• **Directions for this task**: Up to and including the line with "REVIEW TOP SELLER", write out the listing from its first line, minus the pictures.

• **Source data**:

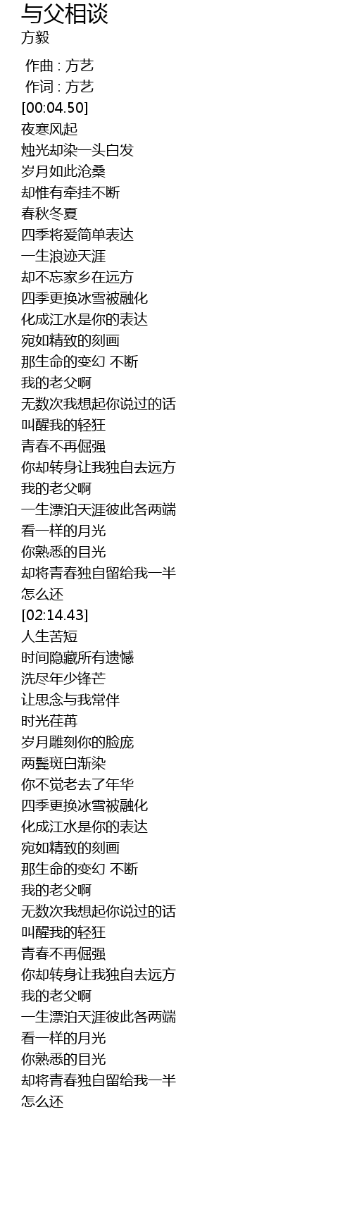 | [03:54.26] | 我的老父啊 |
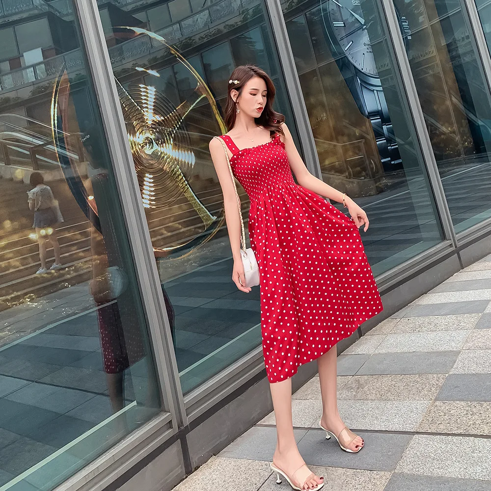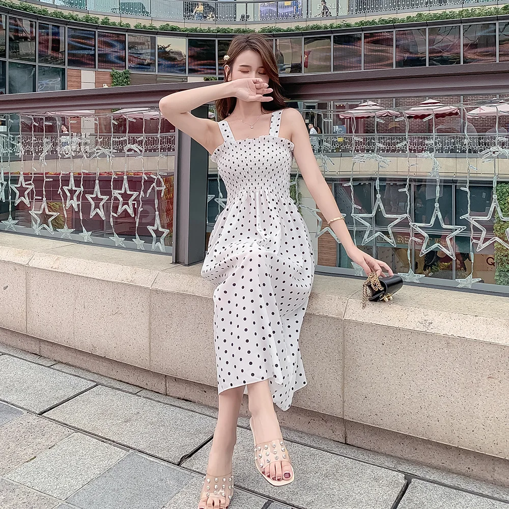 REVIEW TOP SELLER Photo Shoot Summer New Style Polka Dot Horizontal Neck Mid-length Dress Women's Korean-style Sweet
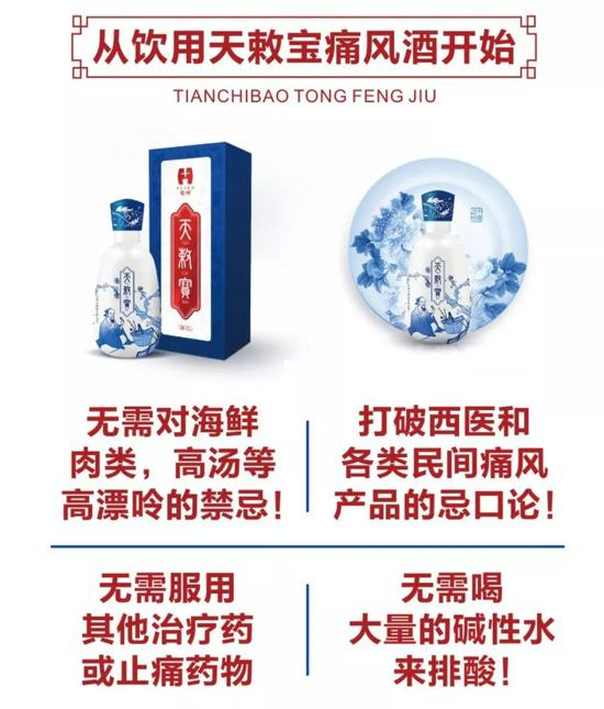 福唤·天敕宝痛风酒广告 疗效神奇的福唤·天敕宝痛风酒,究竟从何而来?据天敕宝酒业公司官网介绍,该产品由身患痛风的吴天荣寻访得来,系“10种中草药结合传统古法研制”而成,经其“亲身试药有效”。目前该网站显示正在建设中,点击后已经无法打开。 就上述疑点,记者近日致电中亿健康及天敕宝酒业两家公司,但电话均未接通。
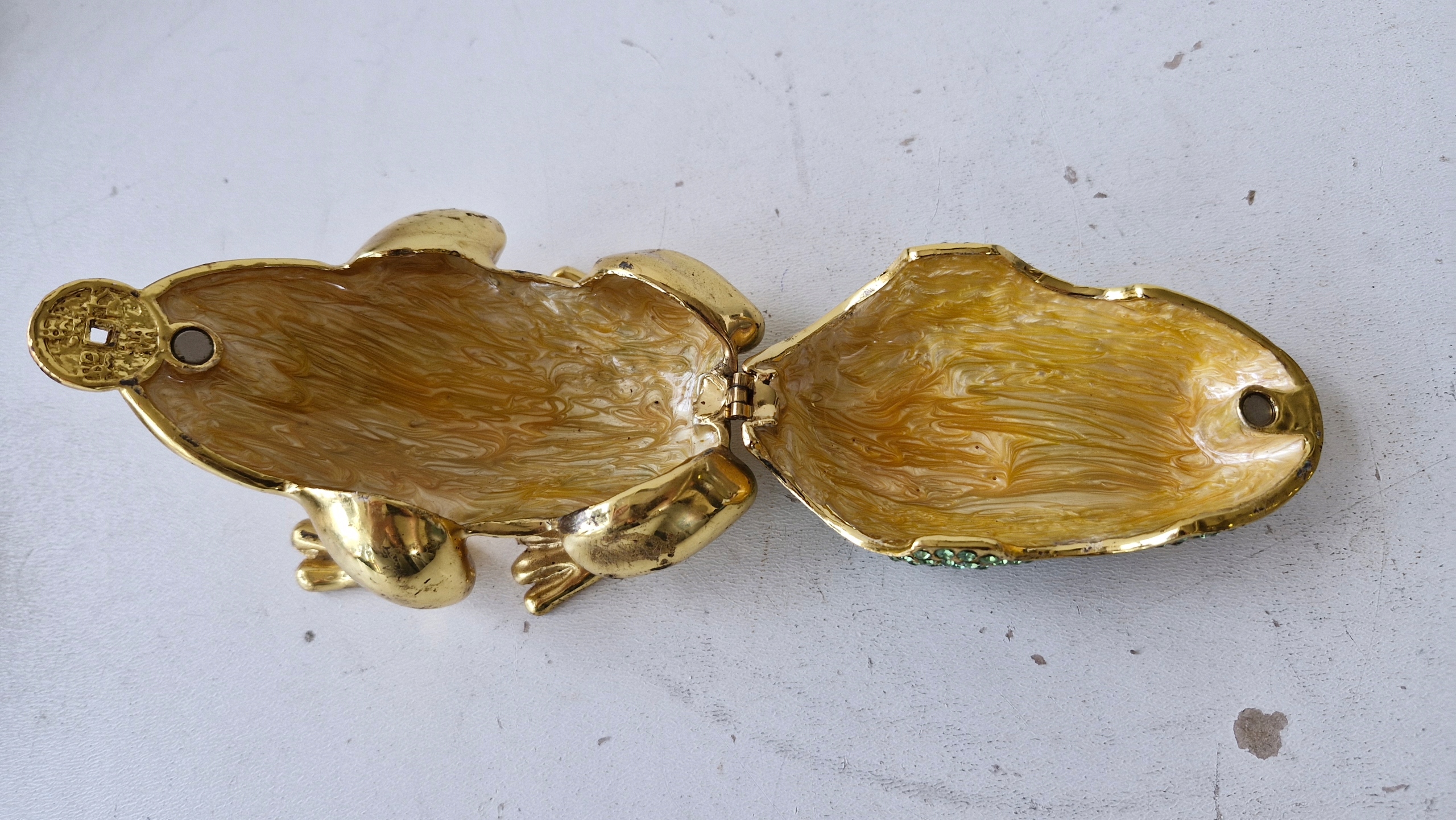 Декоративная латунная шкатулка с блестками на ювелирных изделиях лягушки хорошее состояние gwr

• **Solution to the problem**:
 | [03:54.26] | 我的老父啊 |
 REVIEW TOP SELLER Photo Shoot Summer New Style Polka Dot Horizontal Neck Mid-length Dress Women's Korean-style Sweet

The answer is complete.